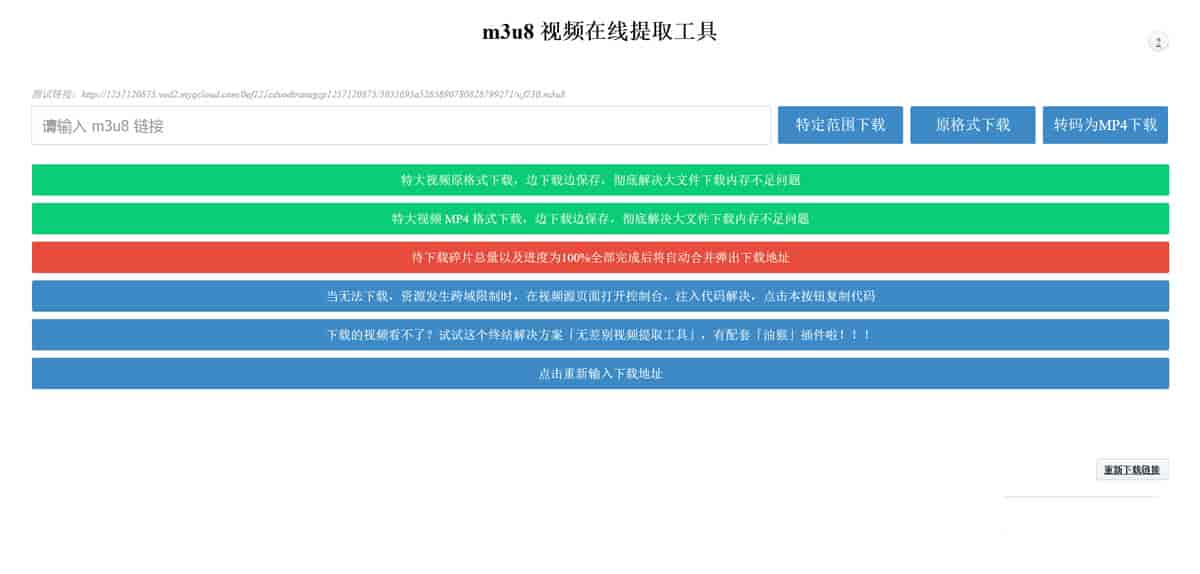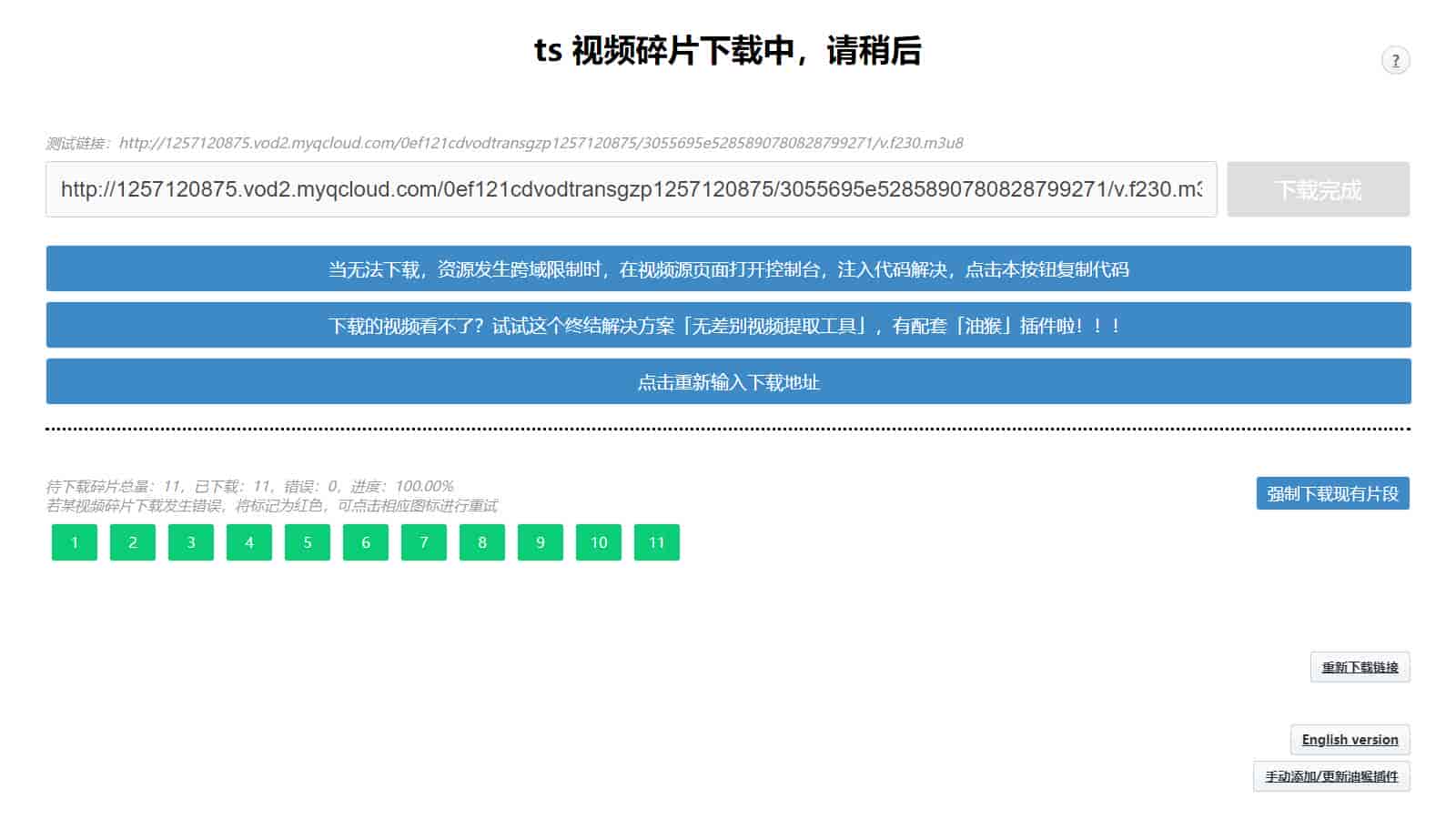 3.重新下载错误片段:当部分视频片段下载失败时,点击该按钮,重新下载错误片段。
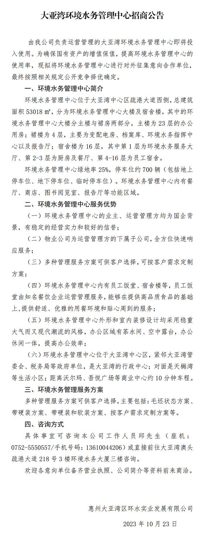 大亞灣環(huán)境水務(wù)管理中心招商公告
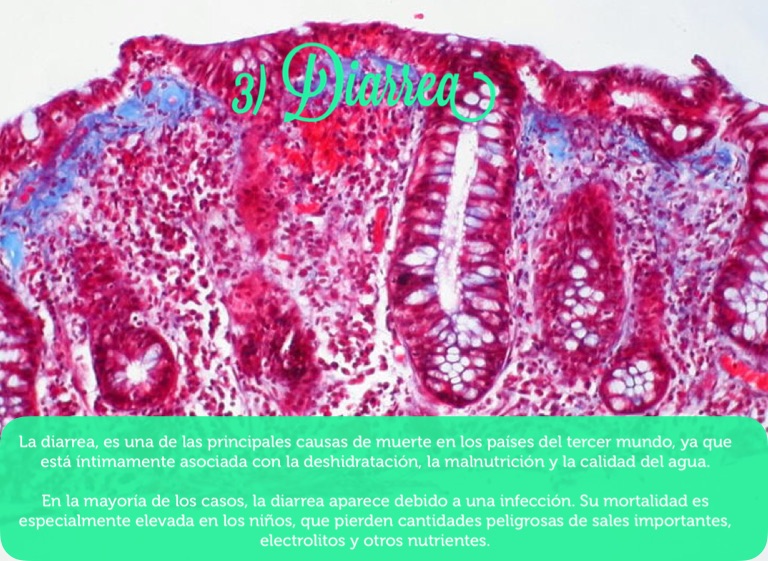 La diarrea, es una de las principales causas de muerte en los países del tercer mundo, ya que está íntimamente asociada con la deshidratación, la malnutrición y la calidad del agua.
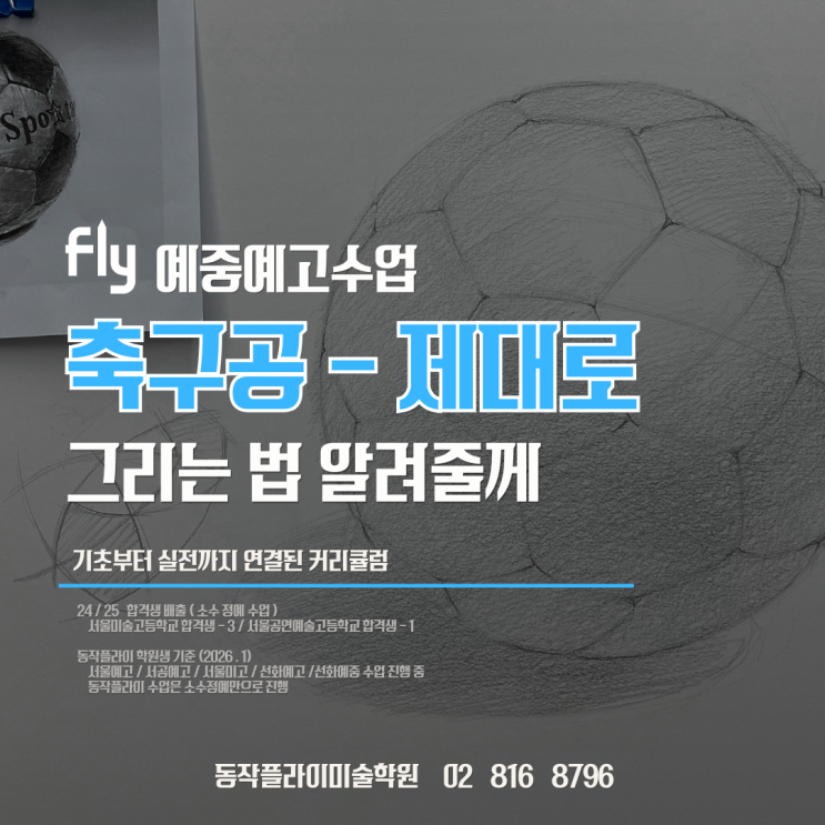 LET'S FLY WITH FLY 안녕하세요!! 동작플라이미술학원입니다 오늘은 우리 학생들이 수업 시간에 시범으로 함께 그려보았던 '축구공 소묘' 과정을 소개해 드리려고 해요. 축구공은 예중, 예고 입시에서 정말 단골로 등장하는 소재인데요! 학부모님들께서 보시면 "공 하나 그리는 게 뭐 그리 어려울까?" 싶으실 수도 있지만, 사실 이 안에는 미술의 핵심 원리가 다 숨어 있답니다. 아이들이 가장 많이 하는 질문, 선생님, 축구공은 도대체 어떻게 저렇게 입체적으로 그려지는 건가요? 에 대한 해답을 차근차근 풀어서 설명해 드리겠습니다 우리 아이의 그림 고민!! 기초부터 실전까지 전부 지도합니다!! 동작플라이미술학....... <img src="https://blogthumb.pstatic.net/MjAyNjAxMDhfMjAy/MDAxNzY3ODQ3ODEwNzg1.oDueAb0N8Ys9fyD7jpTmwvGbOpUqkwOEzzQonoy1vSkg.F5BNj0-vx6NRTnh91mWavjsZhjYs7-cc2jwwlEN9idcg.PNG/%BF%B9%C1%DF%BF%B9%B0%ED_%C3%E0%B1%B8%B0%F8.png?type=s3" />
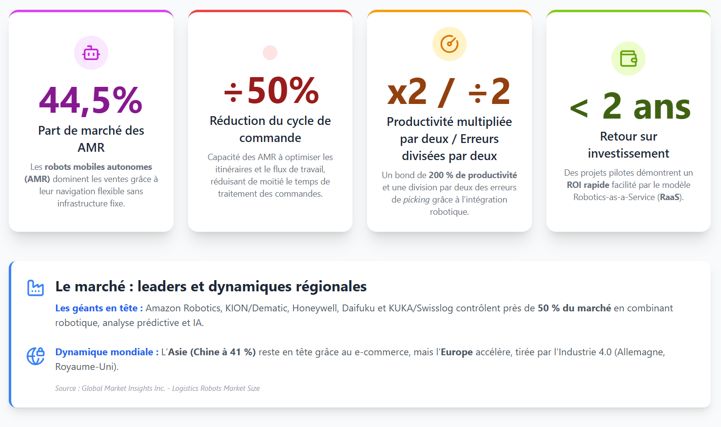 Le marché mondial des robots logistiques atteindra 72,6 milliards $ d'ici à 2034, selon Global Market Insights, avec un CAGR de 17,3 %. Les robots mobiles autonomes et les systèmes de picking automatisés dominent, dopant la productivité de plus de 200 % dans certains entrepôts.

* * *

> _Your assignment_
Transcribe the data verbatim. No picture belongs in the result.

> _Reply_
 3.重新下载错误片段:当部分视频片段下载失败时,点击该按钮,重新下载错误片段。
 大亞灣環(huán)境水務(wù)管理中心招商公告
 La diarrea, es una de las principales causas de muerte en los países del tercer mundo, ya que está íntimamente asociada con la deshidratación, la malnutrición y la calidad del agua.
 LET'S FLY WITH FLY 안녕하세요!! 동작플라이미술학원입니다 오늘은 우리 학생들이 수업 시간에 시범으로 함께 그려보았던 '축구공 소묘' 과정을 소개해 드리려고 해요. 축구공은 예중, 예고 입시에서 정말 단골로 등장하는 소재인데요! 학부모님들께서 보시면 "공 하나 그리는 게 뭐 그리 어려울까?" 싶으실 수도 있지만, 사실 이 안에는 미술의 핵심 원리가 다 숨어 있답니다. 아이들이 가장 많이 하는 질문, 선생님, 축구공은 도대체 어떻게 저렇게 입체적으로 그려지는 건가요? 에 대한 해답을 차근차근 풀어서 설명해 드리겠습니다 우리 아이의 그림 고민!! 기초부터 실전까지 전부 지도합니다!! 동작플라이미술학....... <img src="https://blogthumb.pstatic.net/MjAyNjAxMDhfMjAy/MDAxNzY3ODQ3ODEwNzg1.oDueAb0N8Ys9fyD7jpTmwvGbOpUqkwOEzzQonoy1vSkg.F5BNj0-vx6NRTnh91mWavjsZhjYs7-cc2jwwlEN9idcg.PNG/%BF%B9%C1%DF%BF%B9%B0%ED_%C3%E0%B1%B8%B0%F8.png?type=s3" />
 Le marché mondial des robots logistiques atteindra 72,6 milliards $ d'ici à 2034, selon Global Market Insights, avec un CAGR de 17,3 %. Les robots mobiles autonomes et les systèmes de picking automatisés dominent, dopant la productivité de plus de 200 % dans certains entrepôts.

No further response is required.